Wife has now been gone for 7 months and has moved into an apt. She still has all of her stuff at my house.
We talk occassionally but not very often.our conversations are pretty good but i don`t bring up the subject of her coming home.i tell her i love her and she says the same but we are still like we were, no closer.i don`t want to push her.is this too long to wait?


----------



## jessi (Feb 11, 2009)

I don't think it's to much to have a sit down and re-discuss where the relationship is now heading......ask her if she is any closer or if she needs more time......ask her what she sees in her future.....at least you will have a better idea of what she might be thinking. I guess you could start dropping stuff off for her, it might get her thinking about where your relationship is heading....


----------



## Atholk (Jul 25, 2009)

Personally I think anyone walking out for more than a month is basically past the point of no return 95% of the time. After seven months it's just completely over.
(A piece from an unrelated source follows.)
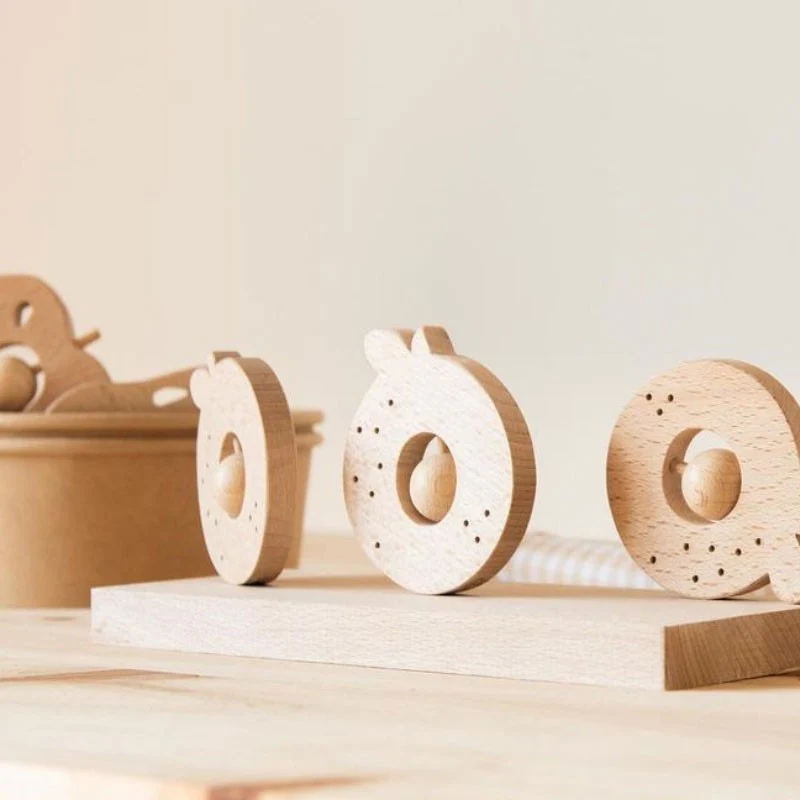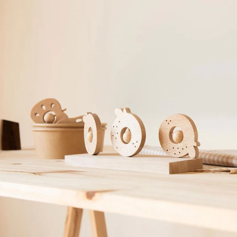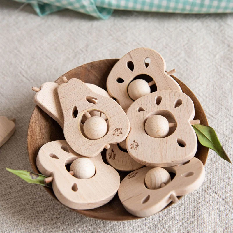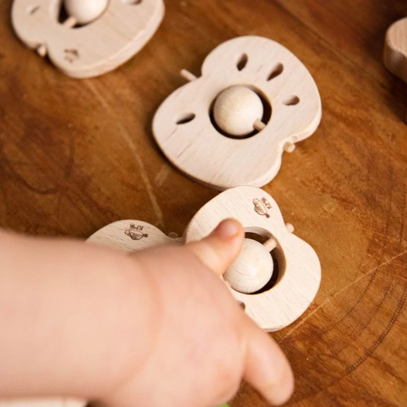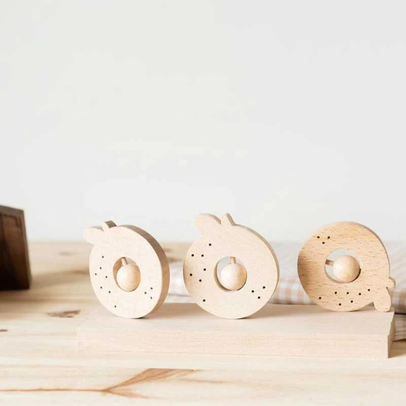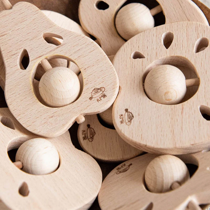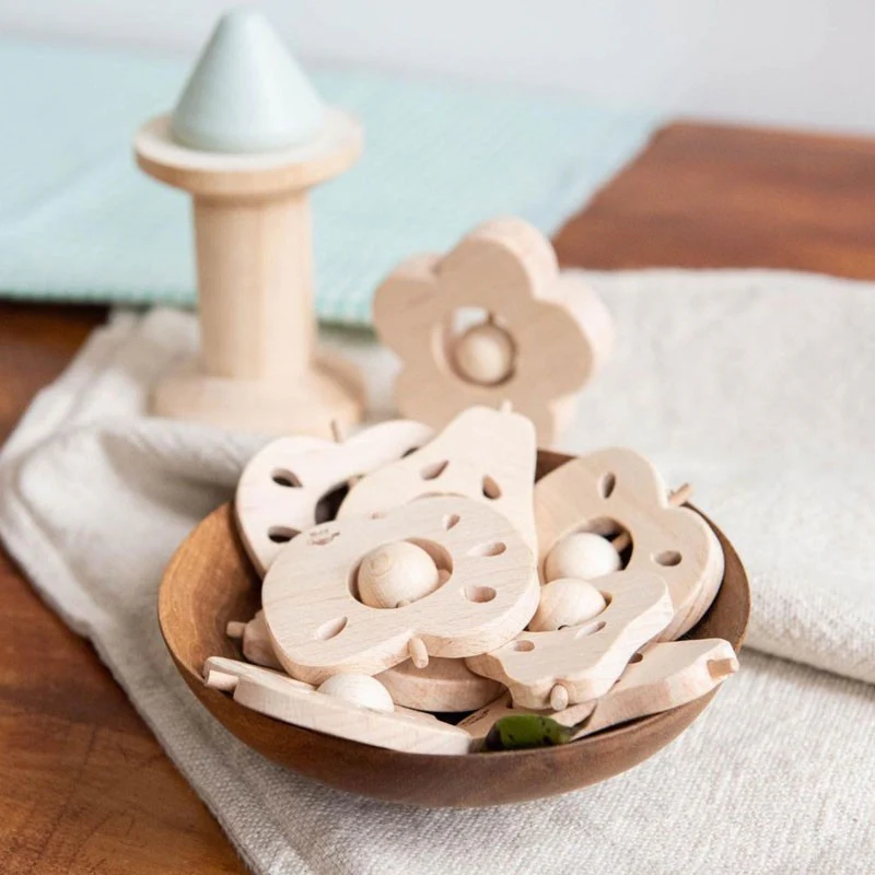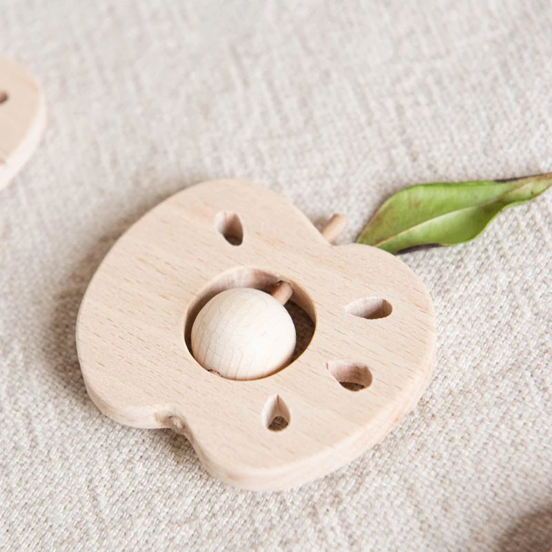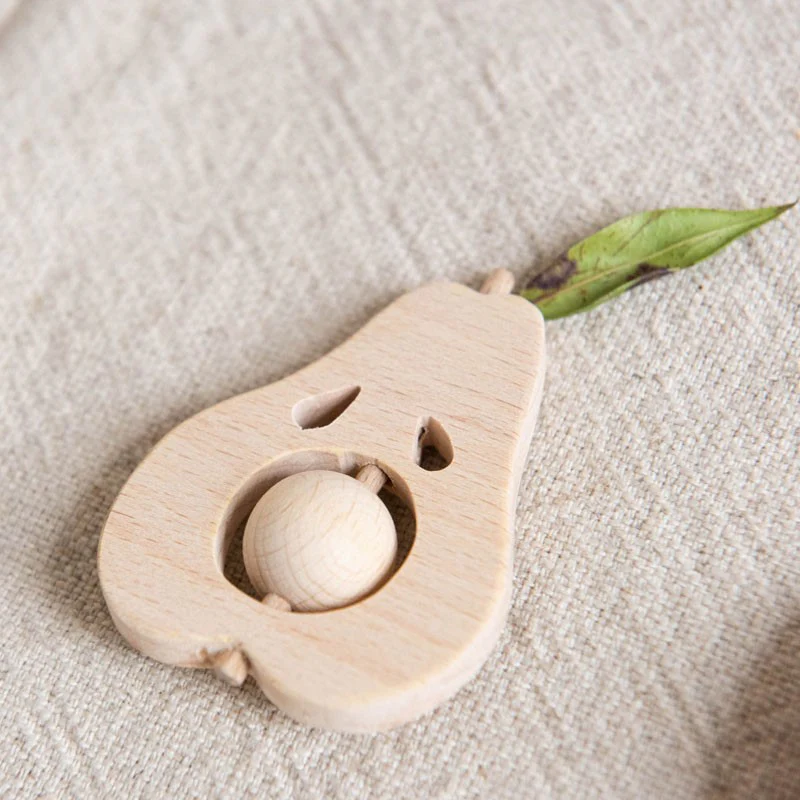 Hochet Pomme et Poire en bois Hêtre au choix.

Give her a week to come get her crap. After that just rent a dumpster to come haul it all away. You'll probably find it very freeing emotionally after its done.


----------



## Loving Husband (Aug 3, 2009)

5 years ago I left my wife to give her space but because of the kid we always in touch. About the holidays she came back. That was after 2 months. Yet I agree if after I say 6 months no interest in reconnecting then I would say its done. 

If you want to reconnect YOU need to make the first move. Learn how to love her for her. If nobody does how do you expect to get better??


----------



## sirch (Jan 8, 2009)

Go see your attorney and get the ball rolling. Do not allow her to drag you along in a perpetual state of limbo. She is not coming back.


----------



## Sportsman (Feb 10, 2009)

I am sorry to say that I agree with the group. After seven months she has no intention of coming back, it sounds like she enjoys the power over you. Its time to take back some of the control and make your own moves, now if I can listen to my own advice


----------



## nice777guy (Nov 23, 2009)

My wife signed a six month lease. Its been a month. If that time comes and we're still "not sure", then I think we have our answer.

I tend to agree she's stringing you along.


----------



## SoxMunkey (Jan 1, 2010)

Looks as if I am part of an elite group! I don't know how long my wife has signed her lease for, but then again, I'm not sure if I want to know.

I agree with the others, she does seem to enjoy the power that she has over you. You may have to pull back and let her really miss you to see if you can rekindle any flames for the fire.


----------